In this study, it was found that most users failed in suspending the use of the BZD, what characterizes this medication dependence. Therefore, the suspension of treatment could lead to the installation of the undesirable symptoms of withdrawal syndrome or another acute manifestation of the disease.

The failure of the attempt of stopping the use of BZD can be related to difficulty in distinguishing symptoms of withdrawal of the reappearance of symptoms from anxiety10.

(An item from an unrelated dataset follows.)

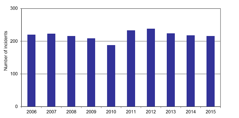 | Year | Number of incidents |
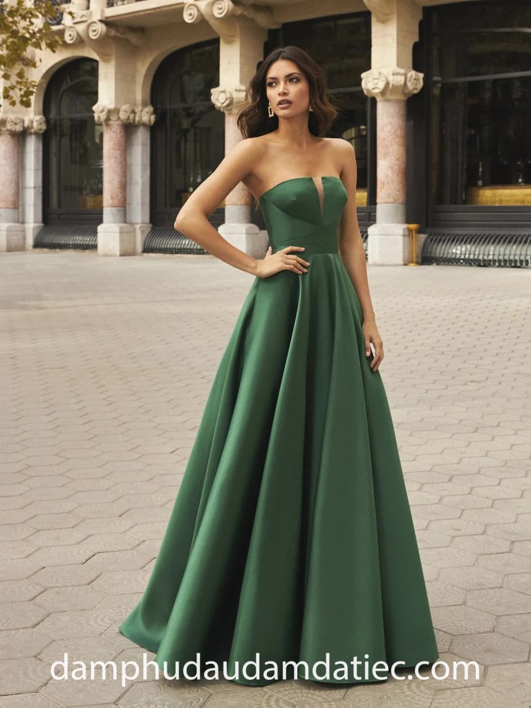 Đầm phù dâu màu xanh rêu từ thương hiệu Pronovias cũng sẽ là một lựa chọn mới lạ giúp đám cưới trên biển của bạn thêm phần đặc sắc. Kiểu váy chữ A tùng xoè thực hiện trên chất vải satin, cúp ngực cong xẻ V sâu gợi cảm thích hợp cho hầu hết tất cả các dáng người.

When asked whether the use of BZD caused or worsened health problems, most denied such a result. However, the few users who reported having any side effects when using BZD reported the feeling of dry mouth, which led to high amount of water intake, feel dizzy, headache and drowsiness. Such symptoms observed match what is expected and notified in the package inserts of pharmacologically active drugs.

 

CONCLUSION

This study presented the sociodemographic aspects, history of use and dependency of benzodiazepines among users in primary healthcare. The results revealed that the profile of users of BZD, present women aged between 50 and 69 years, vulnerable to addiction, with low education and income, without employment links, with a history of chronic diseases. In addition, he noted that these drug dependent women are being medicated with BZD for the treatment of menopausal symptoms, depression and blood pressure control.

Saying that the prescription should be made by psychiatrists or neurologists is contradictory to proposal of the FHS which should solve the problems in most cases of mild mental disorders. Discussion of cases are needed, considering risk and vulnerability. In addition, the support of Family Health Support Center, consisting of a multidisciplinary team, needs to promote work processes in conjunction with APS professionals, thereby enhancing the completeness of care through expanded clinic, and assisting in strengthening the capacity for analysis of health problems and health needs for appropriate interventions.

The limitation of this study refers to the location where the research was conducted, family health teams located in neighborhoods considered economically or socially disadvantaged, which may have contributed to the characteristics, i.e. the profile of the sample studied. The contribution lies in the field of public health policies, because it points to necessary changes in prescribing, dispensing and use of benzodiazepines in primary health care.